Extracted data —
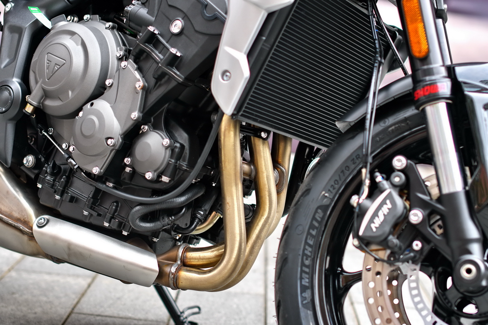 Trident 660 “ 三叉戟 ” 搭載一副凱旋全新開(kāi)發(fā)的、標(biāo)志性的水冷四沖程直列三氣缸、DOHC 每氣缸四氣閥的發(fā)動(dòng)機(jī),缸徑、行程為 74 mm x 51.1 mm 也意味著這副機(jī)器有著較好的動(dòng)力響應(yīng)。排氣量 660 cc,最大動(dòng)力輸出 60 kw(約 80 匹)。
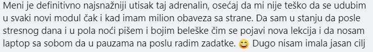 Ja sam tu tokom 3 meseca. I ne samo ja, već i Bobana, projektni menadžer i ostale polaznice. To je tek posebna priča - videćeš. Tu sam da razjasnim sve što nije jasno, da usmerim i pomognem, ali neću pisati prijave za posao umesto tebe, niti ću raditi zadatke umesto tebe. Tvoje je da delaš. 🙂 a za podršku ne beri brige. Ja sam u kontaktu i sa prvim polaznicima još iz 2016. godine. I nigde ne idem.
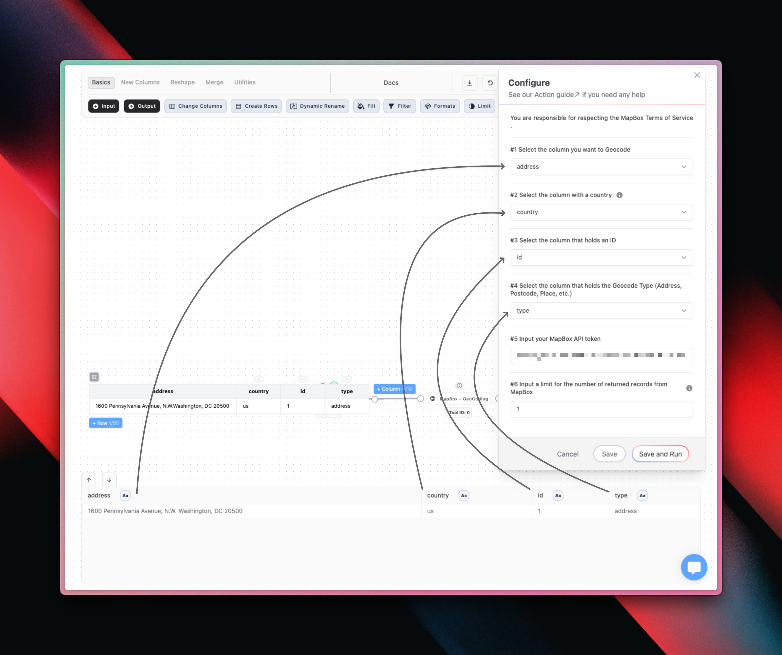 The MapBox - GeoCode tool consists of six required input.1
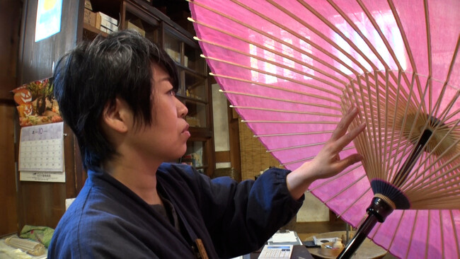 普通の番傘と違い、回す人から枡やマリがみえるように和紙ではなく寒冷紗という透ける布を使い作る曲芸用の傘。 今回は2段の番傘のため下から回す物体が見えづらい。そこで最新のミラーレースカーテンの生地とコラボしイッテンモノの傘作りがスタート!果たしてどうなる?
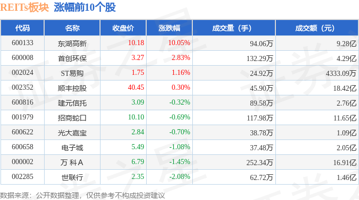 证券之星消息,10月9日REITs板块较上一交易日下跌1.61%,张江高科领跌。当日上证指数报收于3933.97,上涨1.32%。深证成指报收于13725.56,上涨1.47%。REITs板块个股涨跌见下表:

Exercise objective — Repeat the data word for word; drop the pictures.

Solution —
 Trident 660 “ 三叉戟 ” 搭載一副凱旋全新開(kāi)發(fā)的、標(biāo)志性的水冷四沖程直列三氣缸、DOHC 每氣缸四氣閥的發(fā)動(dòng)機(jī),缸徑、行程為 74 mm x 51.1 mm 也意味著這副機(jī)器有著較好的動(dòng)力響應(yīng)。排氣量 660 cc,最大動(dòng)力輸出 60 kw(約 80 匹)。
 Ja sam tu tokom 3 meseca. I ne samo ja, već i Bobana, projektni menadžer i ostale polaznice. To je tek posebna priča - videćeš. Tu sam da razjasnim sve što nije jasno, da usmerim i pomognem, ali neću pisati prijave za posao umesto tebe, niti ću raditi zadatke umesto tebe. Tvoje je da delaš. 🙂 a za podršku ne beri brige. Ja sam u kontaktu i sa prvim polaznicima još iz 2016. godine. I nigde ne idem.
 The MapBox - GeoCode tool consists of six required input.1
 普通の番傘と違い、回す人から枡やマリがみえるように和紙ではなく寒冷紗という透ける布を使い作る曲芸用の傘。 今回は2段の番傘のため下から回す物体が見えづらい。そこで最新のミラーレースカーテンの生地とコラボしイッテンモノの傘作りがスタート!果たしてどうなる?
 证券之星消息,10月9日REITs板块较上一交易日下跌1.61%,张江高科领跌。当日上证指数报收于3933.97,上涨1.32%。深证成指报收于13725.56,上涨1.47%。REITs板块个股涨跌见下表:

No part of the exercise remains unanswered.